First went my hopes of perfecting mankind,Next—faith in them, and then in freedom's selfAnd virtue's self, then my own motives, ends,And aims and loves, and human love went last.I felt this no decay, because new powersRose as old feelings left—wit, mockery,Light-heartedness; for I had oft been sad,Mistrusting my resolves, but now I castHope joyously away; I laughed and said"No more of this!"

It is difficult to believe that Browning is wholly dramatic here; we seem to discover something of that period of Sturm und Drang, when his mood grew restless and aggressive. The homage paid to Shelley, whose higher influence Browning already perceived to be in large measure independent of his creed of revolution, has in it certainly something of the spirit of autobiography. In this enthusiastic admiration for Shelley there is nothing to regret, except the unhappy extravagance of the name "Suntreader," which he invented as a title for the poet of Alastor and Prometheus Unbound.

The attention of Mr W.J. Fox, a Unitarian minister of note, had been directed to Browning's early unpublished verse by Miss Flower. In the Monthly Repository (April 1833) which he then edited, Mr Fox wrote of Pauline with admiration, and Browning was duly grateful for this earliest public recognition of his genius as a poet. In the Athenaeum Allen Cunningham made an effort to be appreciative and sympathetic. John Stuart Mill desired to be the reviewer of Pauline in Taifs Magazine; there, however, the poem had been already dismissed with one contemptuous phrase. It found few readers, but the admiration of one of these, who discovered Pauline many years later, was a sufficient compensation for the general indifference or neglect. "When Mr Browning was living in Florence, he received a letter from a young painter whose name was quite unknown to him, asking him whether he were the author of a poem called Pauline, which was somewhat in his manner, and which the writer had so greatly admired that he had transcribed the whole of it in the British Museum reading-room. The letter was signed D.G. Rossetti, and thus began Mr Browning's acquaintance with this eminent man."14

Chapter II

Paracelsus and Sordello

There is little of incident in Browning's life to be recorded for the period between the publication of Pauline and the publication of Paracelsus. During the winter of 1833-1834 he spent three months in Russia, "nominally," says Mrs Orr, "in the character of secretary" to the Russian consul-general, Mr Benckhausen. Memories of the endless pine-forests through which he was driven on the way to St Petersburg may have contributed long afterwards to descriptive passages of Ivan Ivanovitch.

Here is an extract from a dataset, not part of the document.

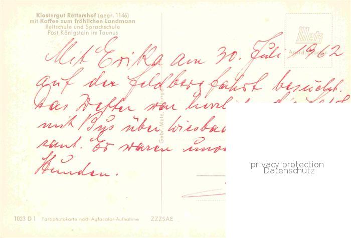 72918555 Koenigstein Taunus Klostergut Rettershof mit Kaffee zum froehlichen Landmann Reitschule Sprachschule postalisch nicht gelaufen Erhaltung siehe scans [FriedD77] KatCode: 11110006434005

In 1842 or 1843 he wrote a drama in five acts to which was given the name "Only a Player-girl"; the manuscript lay for long in his portfolio and never saw the light. "It was Russian," he tells Miss Barrett, "and about a fair on the Neva, and booths and droshkies and fish-pies and so forth, with the Palaces in the background."15 Late in life, at Venice, Browning became acquainted with an old Russian, Prince Gagarin, with whom he competed successfully for an hour in recalling folk-songs and national airs of Russia caught up during the visit of 1833-34. "His memory," said Gagarin, "is better than my own, on which I have hitherto piqued myself not a little."16 Perhaps it was his wanderings abroad that made Browning at this time desire further wanderings. He thought of a diplomatic career, and felt some regret when he failed to obtain an appointment for which he had applied in connection with a mission to Persia.

In the winter of 1834 Browning was at work on Paracelsus, which, after disappointments with other houses, was accepted, on terms that secured the publisher from risk, by Effingham Wilson, and appeared before midsummer of the following year. The subject had been suggested by Count Amédée de Ripert-Monclar, a young French royalist, engaged in secret service on behalf of the dethroned Bourbons. To him the poem is dedicated. For a befitting treatment of the story of Paracelsus special studies were necessary, and Browning entered into these with zeal, taking in his poem—as he himself believed—only trifling liberties with the matter of history. In solitary midnight walks he meditated his theme and its development. "There was, in particular," Mr Sharp tells us, "a wood near Dulwich, whither he was wont to go." Mr Sharp adds that at this time Browning composed much in the open air, and that "the glow of distant London" at night, with the thought of its multitudinous human life, was an inspiring influence. The sea which spoke to Browning with most expressive utterances was always the sea of humanity.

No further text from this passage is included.